Cohort characteristics (covariates)
Cohort members were described in terms of age, sex, TB incidence rate per 100,000 population in country of origin (< 100, 100 to < 200, 200 to < 300, ≥ 300), neighbourhood income quintile, immigration class (economic, family, refugee, other), educational qualification (none/unknown, secondary or less, trade/diploma, or university degree), number of comorbidities in year prior to TB diagnosis or reference date (weighted Charlson Comorbidity Index: 17 conditions weighted from 1 to 6; continuous measure) (Charlson et al. 1987; Manitoba Centre for Health Policy 2019; Quan et al. 2005), and year of index (0: 1985 to 30: 2015; continuous measure), which is the year BC residency began.
Statistical analysis
We compared cohort characteristics between TB and non-TB groups by the use of standardized mean difference (SMD) (Zanuto 2006). We compared categorical cohort characteristics between people experiencing the event (non-TB mortality) and those censored using univariable Cox regressions of time-to-non-TB mortality.
We plotted an extended Kaplan-Meier (KM) curve for non-TB mortality stratified by a time-varying indicator of TB diagnosis, using the date of residency as index date, and date of diagnosis as beginning of TB exposed time, to visually display the time-varying effect of TB diagnosis on non-TB mortality risk over the study period (Snapinn et al. 2005). We used time-dependent Cox regressions to compare time-to-death from date of residency between TB-exposed time (time from diagnosis with TB in BC until event or censoring date) and TB unexposed time (time from residency in BC up to TB diagnosis date for those who developed TB, plus time from residency in BC to event or censoring date for those not diagnosed with TB) through hazard ratios (HRs) for risk of non-TB mortality (Therneau and Grambsch 2000).

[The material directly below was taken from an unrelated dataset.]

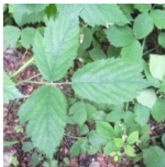
à inconnu observée le 15 juillet 2012 par David Mercier

Réseau Tela botanica, Programme Flora Data, version dynamique.
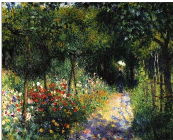
Pierre-Auguste Renoir «Woman at the garden»

Unlike group-based Cox proportional hazards regression, which classifies people as exposed or unexposed for all person-time, and was used in a previous study of mortality among TB survivors in a low-incidence, high-income setting (Miller et al. 2015), time-dependent Cox regression compares person-time under exposure versus person-time under no exposure. The resulting HR estimates for TB diagnosis are interpretable as the ratio of the hazard of mortality for a person with a TB diagnosis versus that for a person without a TB diagnosis (but who may be diagnosed later) in any given year (Kleinbaum and Klein 2010). This modeling technique is superior to group-based analyses as it allows individuals to have a common index date (immigration to BC) and to contribute both exposed and unexposed time to the analysis (Therneau and Grambsch 2000), avoiding potential pitfalls due to immortal time bias (Lévesque et al. 2010; Suissa 2008; Zhou et al. 2005).

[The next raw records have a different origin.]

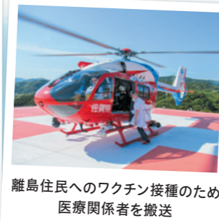
離島住民へのワクチン接種のため医療関係者を搬送
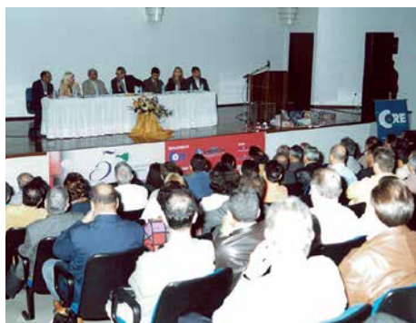
5º Encontro, 2003, Joaçaba.
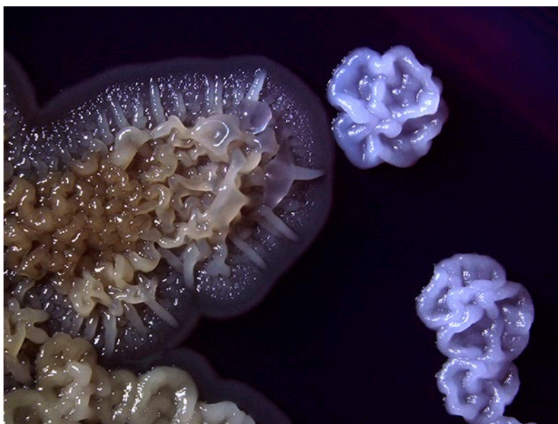
Foto 3: Biofilmy, povlaky a kolonie představují hlavní formy výskytu mikroorganismů na různých površích. Na fotografii jsou kolonie mikroorganismů rostoucích na médiu s pH indikátorem, takže jsou výrazně barevnější než za obvyklých růstových podmínek. Pro účinné řešení problémů spojených s těmito mnohobuněčnými strukturami, je nezbytné porozumět základním principům jejich tvorby a vývoje, což má zásadní význam jak pro základní výzkum, tak pro praktické aplikace v průmyslu či medicíně.
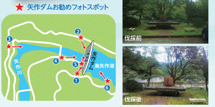
★ 矢作ダムお勧めフォトスポット

令和4年度工事で フォトスポット⑥の箇所にある「矢作ダムの碑」周辺の木を伐採しました。天気の良い日は「逆さ矢作ダム」の撮影も可能です。駐車スペースもありますので矢作ダムへお越しの際は是非寄ってみて下さい。

We conducted unadjusted time-dependent Cox regressions, then adjusted for age and sex, and then adjusted for covariates that were likely to confound the relationship between TB and mortality risk (Romanowski et al. 2019). When constructing the covariate-adjusted model, we created a series of directed acyclic graphs (DAGs) through an iterative process (Glymour 2006). After this DAG process, we assessed each covariate deemed valuable to our analysis based on association with the outcome through univariable Cox regressions at α = 0.50 for consideration in the multivariable model (main analysis) (Steyerberg 2019). When the full model was fit to the data, we used backward selection based on Akaike’s Information Criterion (AIC) to remove covariates, with decisions based on clinical and statistical considerations (Therneau and Grambsch 2000).

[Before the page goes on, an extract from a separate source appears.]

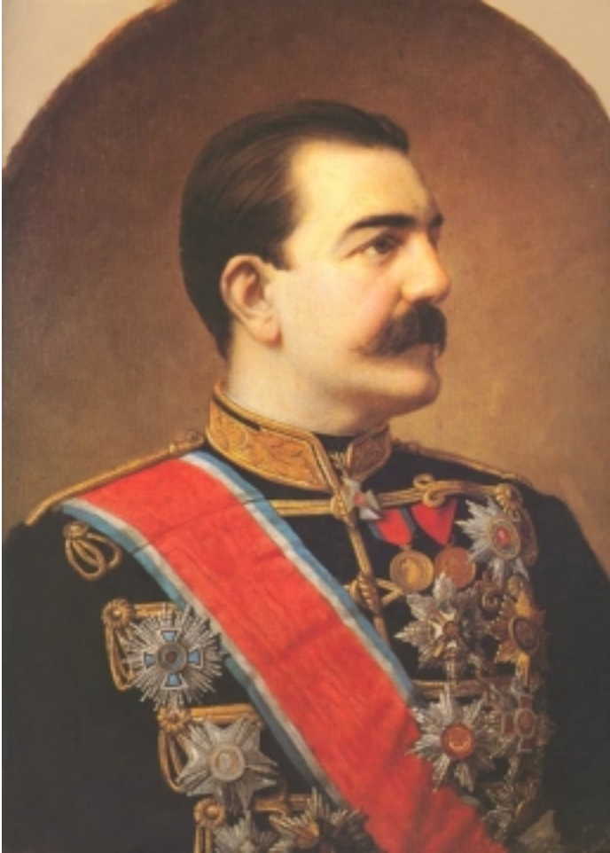
Король Сербии Милан I Обренович

Sensitivity and subgroup analyses
A series of sensitivity analyses were performed. First, we included all persons diagnosed with TB, regardless of TB treatment outcome. Second, we required a minimum two-year observation window (alive and in BC) around the TB diagnosis or randomly selected reference date (one year before and one year after). Third, we restricted the main analysis to ages 18 to 60 years at index date and required treatment completion among those diagnosed with TB. Fourth, we required persons diagnosed with TB to have completed treatment and to have a minimum two-year observation window (alive and in BC) around the TB diagnosis or randomly selected reference date (one year before and one year after). Fifth, we switched from the Charlson Comorbidity Index to the Elixhauser Comorbidity Index, which contains 30 comorbidities, and was used to control for comorbidities instead (Elixhauser et al. 1998; Quan et al. 2005).
For subgroup analysis, we analyzed data for males and females separately, requiring treatment completion among those diagnosed with TB. We also conducted an effect modification analysis by immigration class. Finally, to examine the relationship between TB treatment completion and time-to-mortality from non-TB causes, we generated a group-based (standard) KM curve stratified by TB patients and non-TB controls using date of TB treatment completion and a randomly selected reference date, respectively, as index dates.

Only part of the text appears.